**Task statement**
In the data below, repeat the line containing "题目链接:11. 盛最多水的容器 - 力扣(LeetCode)" and every following line exactly, up to and including the last line. Exclude pictures.

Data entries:
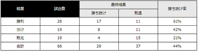 結論から言えば、第2戦をホームで戦ったチームのほうが勝ち抜け率がわずかに高かった。グループリーグ上位チームが第2戦をホームで戦うケースが多く、同点の場合は延長戦をそのままホームで戦えることも勝利率を高くしている要因のひとつと考えられるが、いずれにせよ、第2戦をホームで戦えるほうが優位な結果が示されている。
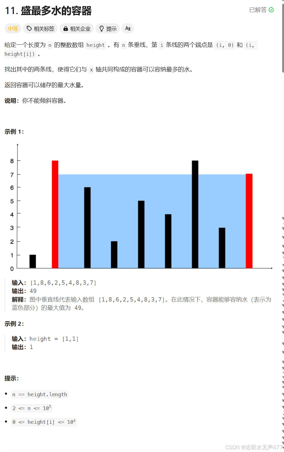题目链接:11. 盛最多水的容器 - 力扣(LeetCode)
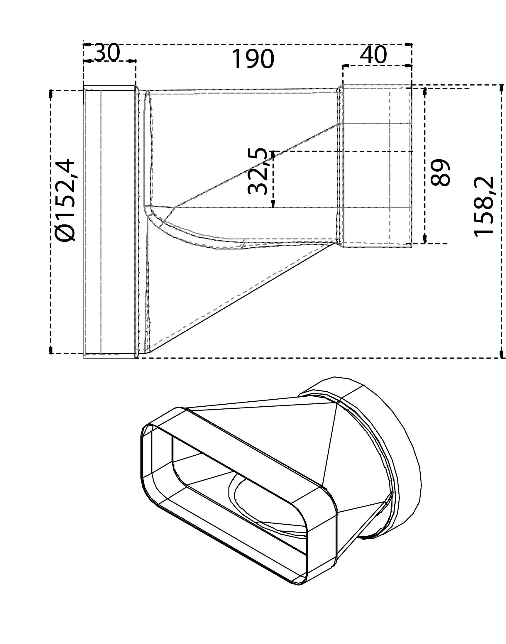 Overgangsstuss 90x220, Ø150, Hvit, dia 150 mm - Produktark
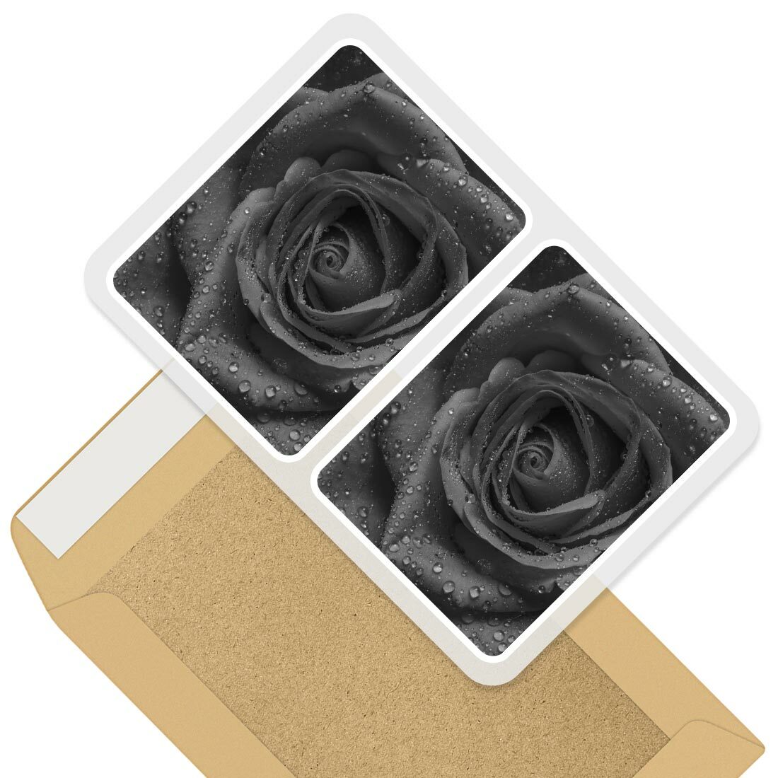 2 x Diamond Stickers 7.5cm BW - Rose Macro Shot Water Droplets #37626
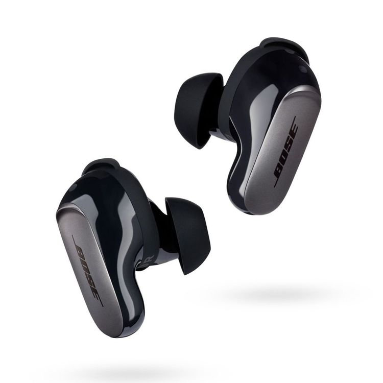 - المحتويات في العلبة: سماعتان Bose QuietComfort Ultra اللاسلكية مع إلغاء الضوضاء، مجموعة Fit Kit من Bose: ثلاث أطراف أذن، ثلاث أزواج من أربطة الاستقرار، حافظة شحن، كابل USB-C (12 بوصة)، ورقة السلامة

**Exercise result**
题目链接:11. 盛最多水的容器 - 力扣(LeetCode)
 Overgangsstuss 90x220, Ø150, Hvit, dia 150 mm - Produktark
 2 x Diamond Stickers 7.5cm BW - Rose Macro Shot Water Droplets #37626
 - المحتويات في العلبة: سماعتان Bose QuietComfort Ultra اللاسلكية مع إلغاء الضوضاء، مجموعة Fit Kit من Bose: ثلاث أطراف أذن، ثلاث أزواج من أربطة الاستقرار، حافظة شحن، كابل USB-C (12 بوصة)، ورقة السلامة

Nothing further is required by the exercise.